There IS a belief these days that women are much more attracted to men who act like jerks. It's more complicated than that. Women, like us men to a degree I think, are attracted to confidence, which often happens to come out in jerkiness. Of course, that's not always the case, because some search for a much more real and constant confidence than the kind that makes you tease people or abuse them.
Women who don't understand why they attract the kind of man that the OP described into their life probably just don't understand their own masochism and need for a confident man to protect them, which is often said to be connected to our evolutionary similarities to the apes. That's not to say that the abuse that they suffer is their own fault: it is always the one who does it who is at fault. Of course, it's wise to escape an abusive relationship as quickly as possible, but keep in mind that a man that is abusive in private can be a divine, kind thing in public; often this is the case, as such a man tends to be an unpredictable, sensitive type. It's very easy, especially for anyone new to love, to think that this kind public persona is the real person underneath.
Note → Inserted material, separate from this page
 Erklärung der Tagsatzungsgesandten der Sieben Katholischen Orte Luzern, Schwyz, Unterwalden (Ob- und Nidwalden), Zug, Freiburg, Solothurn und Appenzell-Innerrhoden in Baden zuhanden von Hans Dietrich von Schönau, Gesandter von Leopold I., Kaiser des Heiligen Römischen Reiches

I cannot stress this enough: never blame the woman. It is not their fault. Even if they were unwise in remaining in the relationship, this is often a result of idealism and a desire to heal the man that they've unluckily chosen, as well as the relationship itself. A good motivation should not be criticised as stupidity. That kind of treatment just creates a tendency for the world to become more and more undeserving of such ideals, because no one will expect them to be fulfilled by others.
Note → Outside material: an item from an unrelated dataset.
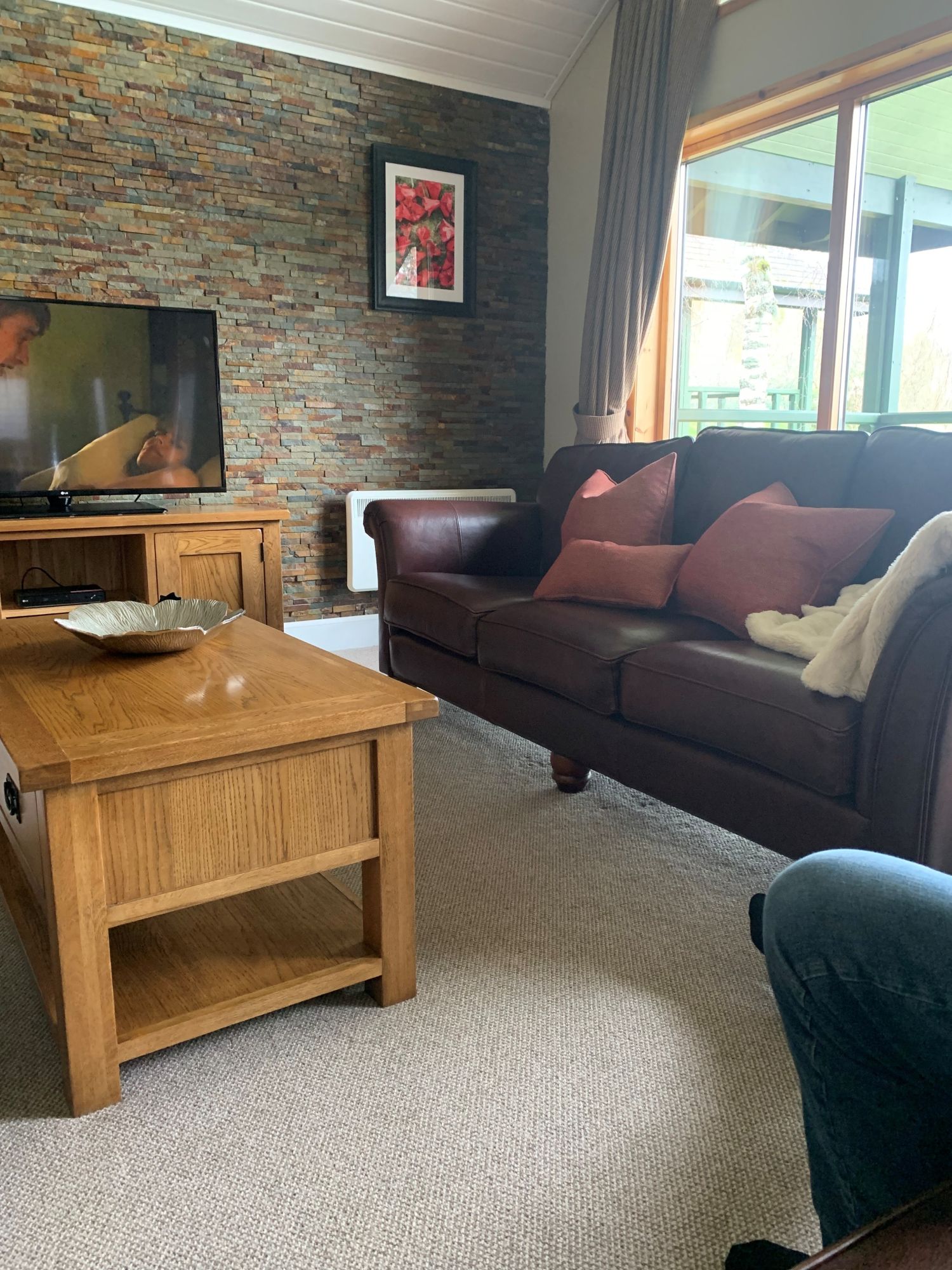 The lodge is a luxury detached property which looks out on to the fairway and green of the first hole of the Wee Demon. It has 2 ensuite bedrooms and another bathroom on the first floor, plus there is a pull- down double bed situated in the living area so sleeps up to 8 people. The three bedrooms are located on the ground floor which means that you have the advantage of spectacular views from the lounge and dining area on the first floor of the Loch and the Wee Demon as well as Ben Lomond in the distance.

It's good to help a woman who often has abusive relationships to see why in themselves they seek a certain type of man. There's also nothing wrong with directing them to the literature which suggests that confidence is what they really want and that they need to look for the more subtle versions. While you can prevent this from all occurring again, remember that all of humanity, no matter how intelligent we are as individuals, suffers from blind spots. Helping each other to see those parts of ourselves is an important part of our social structure, and it's essential to be forgiving for this vision of the blind spot to take place.